Long, strange trip for ‘Amateurs’
Movies occasionally miss their planned release dates: Thanks to production delays, “Titanic” arrived in theaters half a year late, and it hardly suffered. But “The Amateurs” may hold the record for the most postponements -- the Jeff Bridges comedy has had no fewer than six release dates, all of which have come and gone.
After so many false starts, “The Amateurs” finally arrives in theaters today, opening in Los Angeles and Dallas.
“We’re all just happy it’s going to be projected on some screens,” says writer-director Mike Traeger, who made his directorial debut on the movie. “I am managing to block out all the negatives and am really glad it’s happening.”

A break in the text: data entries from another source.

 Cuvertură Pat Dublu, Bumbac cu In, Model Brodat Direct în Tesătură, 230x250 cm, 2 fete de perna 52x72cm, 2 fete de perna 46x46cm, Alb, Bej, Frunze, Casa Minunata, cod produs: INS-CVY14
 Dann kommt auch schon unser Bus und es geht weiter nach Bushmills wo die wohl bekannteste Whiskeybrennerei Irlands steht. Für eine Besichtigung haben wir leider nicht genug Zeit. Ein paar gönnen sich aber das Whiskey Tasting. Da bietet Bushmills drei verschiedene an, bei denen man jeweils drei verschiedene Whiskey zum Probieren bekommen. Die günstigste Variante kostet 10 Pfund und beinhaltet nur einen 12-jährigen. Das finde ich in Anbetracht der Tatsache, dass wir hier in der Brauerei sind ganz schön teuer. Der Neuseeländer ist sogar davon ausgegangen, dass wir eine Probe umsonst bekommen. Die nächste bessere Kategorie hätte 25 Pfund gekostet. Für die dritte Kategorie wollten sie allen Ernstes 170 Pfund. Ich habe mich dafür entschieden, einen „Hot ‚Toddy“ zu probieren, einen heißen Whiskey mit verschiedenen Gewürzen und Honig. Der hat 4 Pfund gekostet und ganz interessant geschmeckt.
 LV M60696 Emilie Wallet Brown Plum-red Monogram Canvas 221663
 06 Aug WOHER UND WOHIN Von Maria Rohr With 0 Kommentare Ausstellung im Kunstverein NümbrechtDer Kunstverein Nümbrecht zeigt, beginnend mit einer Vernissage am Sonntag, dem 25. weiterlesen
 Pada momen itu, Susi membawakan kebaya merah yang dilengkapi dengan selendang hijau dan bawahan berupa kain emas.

When a movie ends up in an endless holding pattern circling the multiplex, it’s natural to assume the film itself is to blame. But in the case of “The Amateurs,” it was always the film’s distributor that was the hindrance.

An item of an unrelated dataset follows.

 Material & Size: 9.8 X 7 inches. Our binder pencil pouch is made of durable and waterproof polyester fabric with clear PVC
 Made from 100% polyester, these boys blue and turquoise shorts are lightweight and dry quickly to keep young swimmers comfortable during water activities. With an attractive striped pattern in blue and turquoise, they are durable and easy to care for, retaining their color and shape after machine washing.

When French producer Philippe Martinez landed in Hollywood two years ago, he promised to bring new passion to independent movie distribution. In short order, his Bauer Martinez Studios financed or acquired a number of movies: Richard Gere’s “The Flock,” Christian Bale’s “Harsh Times,” Michelle Pfeiffer’s “I Could Never Be Your Woman,” Calista Flockhart’s “Fragile,” the sequel “Van Wilder: The Rise of Taj” and “The Amateurs.”
“Harsh Times” and “Van Wilder” received desultory releases, but the rest of the Bauer Martinez slate lay fallow as the company fought off insolvency. With unpaid bills inundating the upstart studio (the company never paid the more than $850,000 it owed the financiers of “The Amateurs”), Bauer Martinez scheduled -- and then abandoned -- all of its “Amateurs” release dates, the first of which was November 2005.
Throughout 2006, new release dates came and went like pages on a calendar, as “Amateurs” producer Aaron Ryder tried to transfer the film to a new distributor.
“I spent an entire year with the lawyers trying to get it out of there,” Ryder says. It wasn’t just Bauer Martinez that Ryder had to deal with; the company had sold pay-television rights to Showtime and home video rights to the Weinstein Co. (The movie already has been released theatrically in Australia, England and Sweden.)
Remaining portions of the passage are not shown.